Все сие выпалил я на одном дыхании… разумеется, постеснявшись сказать, кто убил капитана.

Полина Аристарховна стояла предо мною бледная и неподвижная, подобная совершенному изваянию Микеланджело.

И нужно ли уточнять, что каждое слово мое было произнесено на чистом русском языке?

Кузнец и брат его стояли рядом, вовсе не тяготясь ношей, и только улыбались до ушей.

Двух бед опасался я в те мгновения: того, что молодая хозяйка усадьбы упадет в обморок, и того, что Евгений, напротив, очнется и сделается самой опасной помехой в грядущем деле. По счастью, оба опасения оказались напрасными.
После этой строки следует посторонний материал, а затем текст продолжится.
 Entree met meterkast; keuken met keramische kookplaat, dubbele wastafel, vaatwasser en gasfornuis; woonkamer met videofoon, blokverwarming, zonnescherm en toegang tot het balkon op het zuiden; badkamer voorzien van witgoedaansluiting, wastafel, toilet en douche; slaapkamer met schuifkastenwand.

– Вы… вы… – прямо обвинительным тоном обратилась Полина Аристарховна она ко мне и запнулась… Признаюсь, как раз кстати.

– Да. Я тоже русский разведчик, переодетый французом, императорским порученцем, – с облегчением сказал я и, представившись по артикулу, коротко и ясно объяснился: – Интрига наша против подходящих частей неприятельских – весьма скрытная и сложная, я бы сказал, с тройным дном. Не имею ни малейшего права раскрывать вам ее подробности. Пока могу сказать вам, сударыня, лишь одно: появление здесь негодяя де Шоме весьма осложнило исполнение тайных планов. Теперь тактическая задача – лишь защитить вас, вашего батюшку и ваш дом. Что же до Евгения, он контужен, и я очень опасаюсь, что он, толком не придя в себя, тоже ринется в бой…
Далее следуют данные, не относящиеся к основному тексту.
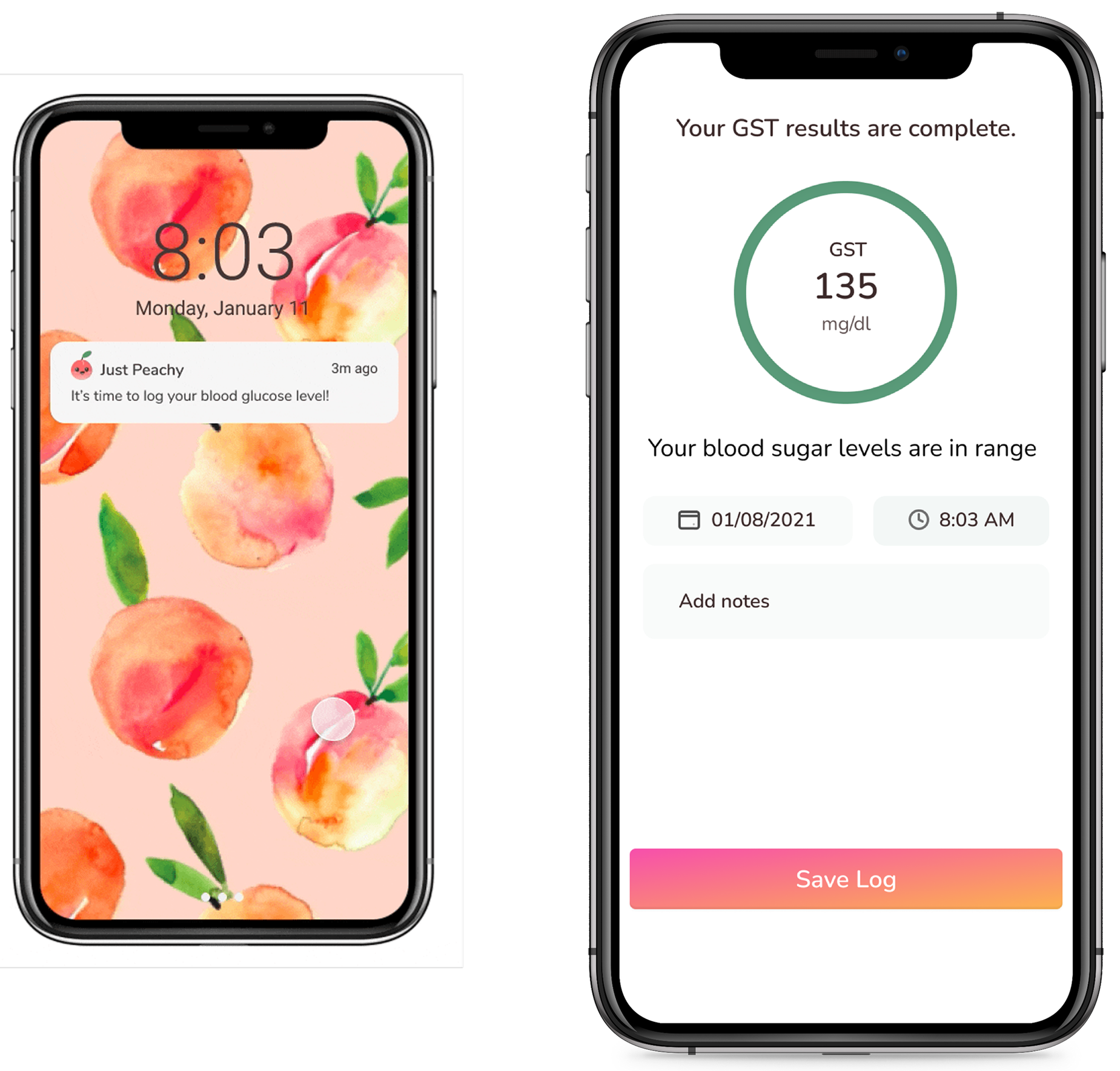 Push notifications keep her on track throughout the day for glucose and food logging.

У меня были самые смутные подозрения на тот счет, чью сторону он в этом бою возьмет, а потому я затеял еще одну интригу:

– …а сие означает, – на верную смерть. Сейчас его необходимо укрыть где-нибудь понадежнее и даже запереть. Но главный теперь расчет – на вашу партизанскую партию. Час славы ее наступает!

Полина Аристарховна выслушала меня, держась хладнокровно и величаво, покачала головой сокрушенно и обратилась к братьям хозяйским тоном:

– Ну-ка, сдайте мне!

И подставила руки.

Я на миг потерял дар речи… да и глазам своим не поверил!

Ничтоже сумняшеся братья просто-напросто… перекинули Евгения на подставленные руки барышни. Она подхватила его, будто спящего ребенка, и даже плечи ее не опустились от тяжести тела ни на вершок!

– Полина Аристарховна! – взмолился я, ринувшись…

– Погодите, господин поручик! – решительно и сердито отстранилась от меня хозяйка усадьбы, кою и вправду вернее было именовать «русской Брунгильдой», а не Герсилией. – Теряем драгоценное время!

За сим она отдала приказ:

– Орлы мои, летите с Богом! Поднимайте ополчение. Наша тактика нынче – засада в осаде. Уразумели?

– Как есть, ваше высокоблагородие барышня Полина Аристарховна! – дерзко выпалил кузнец… правда, на русском наречии. – Рады стараться!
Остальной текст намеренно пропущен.